Stored dataset items
<<<<

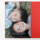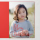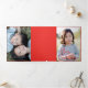 Ce magnifique design tri-plié est doté d'une photographie à fond et d'un script de calligraphie rouge audacieux "Joyeux Noël". L'accueil sur la couverture dit simplement "Joyeux Noël" et continue à l'intérieur. Lorsque vous ouvrez le premier panneau, vous voyez une seule photo verticale à fond plein avec votre texte de vacances principal. Lorsque vous ouvrez la carte, vous voyez une photo à gauche, une photo à droite, et au milieu, trois petites photos carrés chacune avec du texte personnalisé. Le dos de la carte est vide mais vous pouvez facilement ajouter une autre photo ou plus de texte. Ce design est un choix parfait pour un message chaleureux et sincère de joie de Noël. La mise en page multi-photo vous permet de télécharger un total de SEPT de vos photos de famille préférées en différentes tailles.
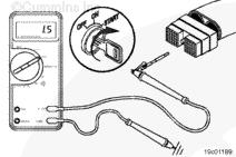萬用表的一支表筆接觸開關(guān)的 RESUME/ACCEL(恢復(fù)/加速)端子。另一支表筆接觸底盤接地將該開關(guān)撥到 SET/COAST(設(shè)置/滑行)位置,然后再到 RESUME/ACCEL(恢復(fù)/加速)位置。測量電阻。
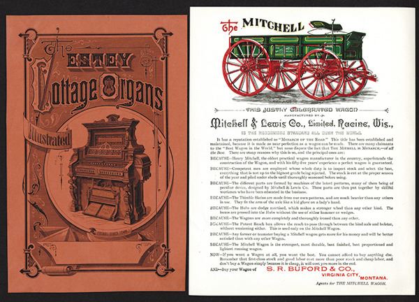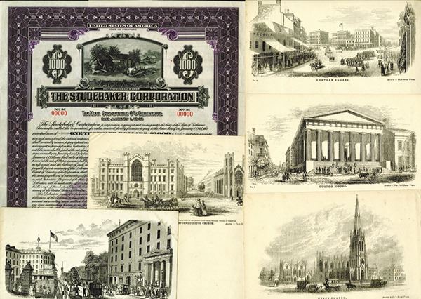 United States. Five NYC views 1850, on letterhead sheets featuring views of Chatham square, Custom House, Grace Church, NYU, Broadway from City hall Park. , Estey Cottage Organs, Mitchell & Lewis Co. Racine WI. Wagons, and Studebaker Corporation Coupon Bond Specimen of 1935.
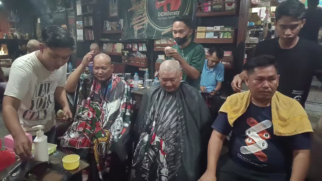 Hasil hitung cepat yang hampir mendekati enam puluh persen membuat puluhan pendukung pasangan Gemoy yang ada di Kalimantan Utara tepatnya di kota Tarakan melepas nazarnya dengan cara menggunduli kepala.
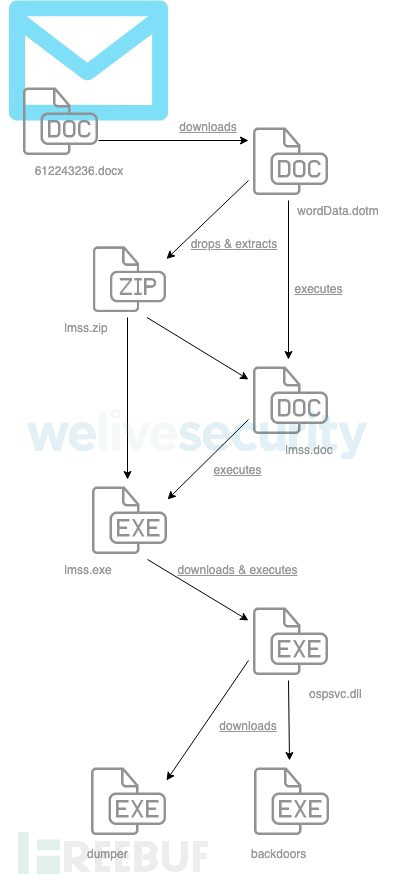 下图显示的攻击者一步一步实现成功入侵的过程,即从一开始目标用户在收件箱中收到恶意电子邮件,到最终在目标用户的设备上部署后门:

>>>>

▸ WORK TO COMPLETE: The copy should hold exactly the lines from the line containing "United States. Five" through the last line of the records, both included, and no pictures or other lines.

▸ PROBLEM SOLUTION:
 United States. Five NYC views 1850, on letterhead sheets featuring views of Chatham square, Custom House, Grace Church, NYU, Broadway from City hall Park. , Estey Cottage Organs, Mitchell & Lewis Co. Racine WI. Wagons, and Studebaker Corporation Coupon Bond Specimen of 1935.
 Hasil hitung cepat yang hampir mendekati enam puluh persen membuat puluhan pendukung pasangan Gemoy yang ada di Kalimantan Utara tepatnya di kota Tarakan melepas nazarnya dengan cara menggunduli kepala.
 下图显示的攻击者一步一步实现成功入侵的过程,即从一开始目标用户在收件箱中收到恶意电子邮件,到最终在目标用户的设备上部署后门:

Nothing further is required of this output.